Reputation: 5342
While writing strings containing certain special characters, such as
Töölönlahdenkatu
using to_csv from pandas, the result in the csv looks like
T%C3%B6%C3%B6l%C3%B6nlahdenkatu
How do we get to write the text of string as it is? This is my to_csv command
df.to_csv(csv_path,index=False,encoding='utf8')
I have even tried
df.to_csv(csv_path,index=False,encoding='utf-8')
df.to_csv(csv_path,index=False,encoding='utf-8-sig')

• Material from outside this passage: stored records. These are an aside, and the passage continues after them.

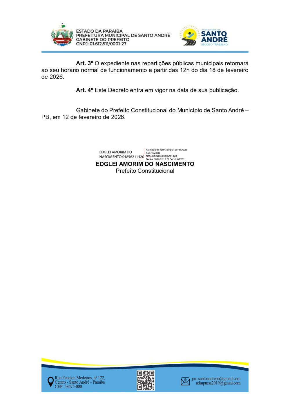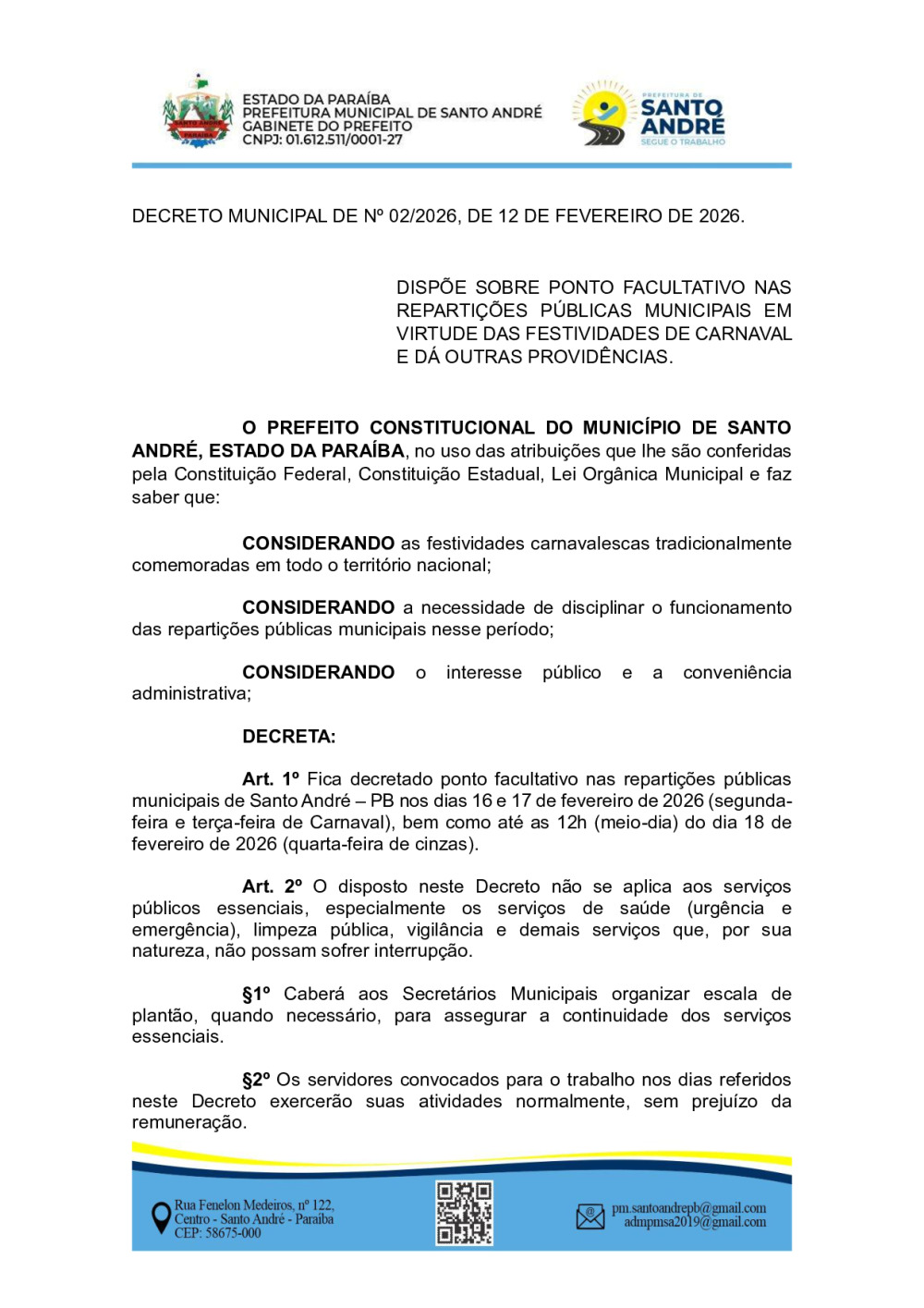 DECRETO MUNICIPAL DE Nº 02/2026, DE 12 DE FEVEREIRO DE 2026 - DISPÕE SOBRE PONTO FACULTATIVO NAS REPARTIÇÕES PÚBLICAS MUNICIPAIS EM VIRTUDE DAS FESTIVIDADES DE CARNAVAL E DÁ OUTRAS PROVIDÊNCIAS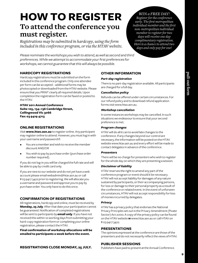 How to register To attend the conference you must register. Registrations may be submitted in hard copy, using the form included in this conference program, or via the HTA website. WIN a FREE DAY!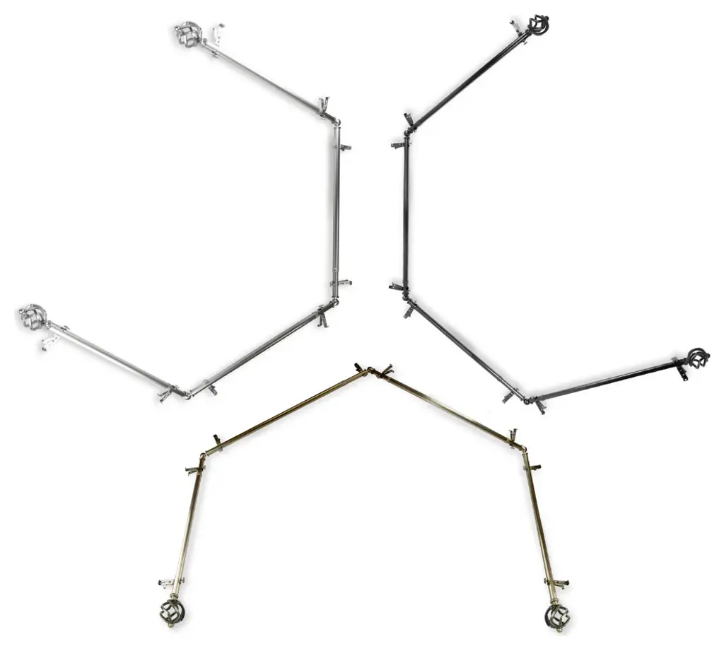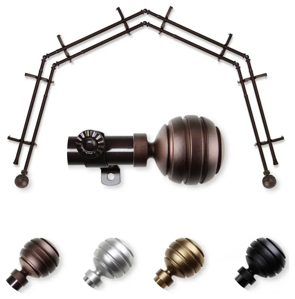 Central Design Products presents the perfect enhancement to your window treatment with high-end quality 4-Sided Double Bay Curtain Rods, Walter edition. Effortlessly style your 4 sided window treatment with these Bay Curtain Rods. Designed to add a modern touch for those tricky bay windows. Includes 8 curtain rods of 13/16" diameter, 8 support brackets, 6 corner connectors, and mounting hardware. Projection: 6.375" Clearance: 3.75" Rod Diameter: 13/16" Material: Steel Color: Cocoa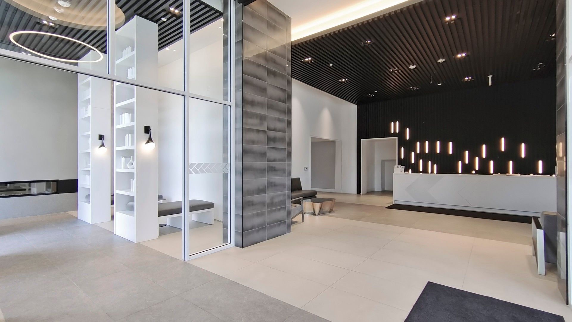 • Luxury amenities include a gym, outdoor pool, and rooftop garden.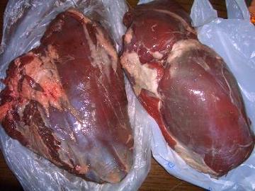 今年もしっかりゲットしたよ アップにするとこんな感じ いったい何キロあるんだろう?と思って量ろうとしたけど、うちの量りは1キロしか量れない。。。小さい方を量ってみたけど、測定不能。。。初物なのでちょこっと味見分カットして量ってみたけどやっぱり測定不能。。。ちなみにこの肉の塊は鹿のももの塊です。今年最後の猟に行く前に予約しておいたので獲れたてを届けてくれたよ♪私の働いてる会社の会長&息子は太っ腹だったよで、早速獲れたてを味見したよ♪ 今晩はステーキ食べました(笑)真ん中のこんにゃくの横にあるのが鹿です実は去年も言ったかもしれないけど我が家はあんまり食べないんだよね。。鹿。。。でも柔らかくって臭みも全然なくって美味しかったです。より脂っこくなくって鹿の方が食べやすかったよ。ちなみにこんにゃくはももかが作ってくれたこんにゃくです。明日のおでんに仕込んでた中から味見♪まだ煮込みが少なかったけど弾力性のある噛み応えバッチリのこんにゃくでした付けあわせの芋は北あかりです。この北あかり。パパが付き合いで買ってきたんだけど、正直言って北あかりは好きじゃないんだよね。。。北あかりって溶けるでしょ。だから煮込みとかには使いにくいし。。。この前、この芋でポテトサラダ作って思いっきり失敗したから余計に嫌いになった!あんな不味いポテトサラダよく作れたもんだ!と作った自分で感心しちゃうくらいめちゃくちゃ不味かったの!(笑)でもね。10キロ×2箱も買ってきたの。。。まだ手付かずで1箱そのまま残ってるし、手をつけたのも半分残ってる。。。はぁ~~

and still no success.There are other characters replaced with random symbols
'-' to –
Is there a workaround?
Upvotes: 0
Views: 463
Reputation: 71
Special characters like ö
cannot be stored in a csv the same way english letters can. The "random symbols" tell a program like excel to interpret the letters as special characters when you open the file, but special characters cannot be seen when you view the csv in vscode (for instance).
Upvotes: 0
Reputation: 1265
What you're trying to do is remove German umlauts and Spanish tildes. There is an easy solution for that.
import unicodedata
data = u'Töölönlahdenkatu Adiós Pequeño'
english = unicodedata.normalize('NFKD', data).encode('ASCII', 'ignore')
print(english)
output : b'Toolonlahdenkatu Adios Pequeno'
Let me know if it works or if there are any edge cases.
Upvotes: 1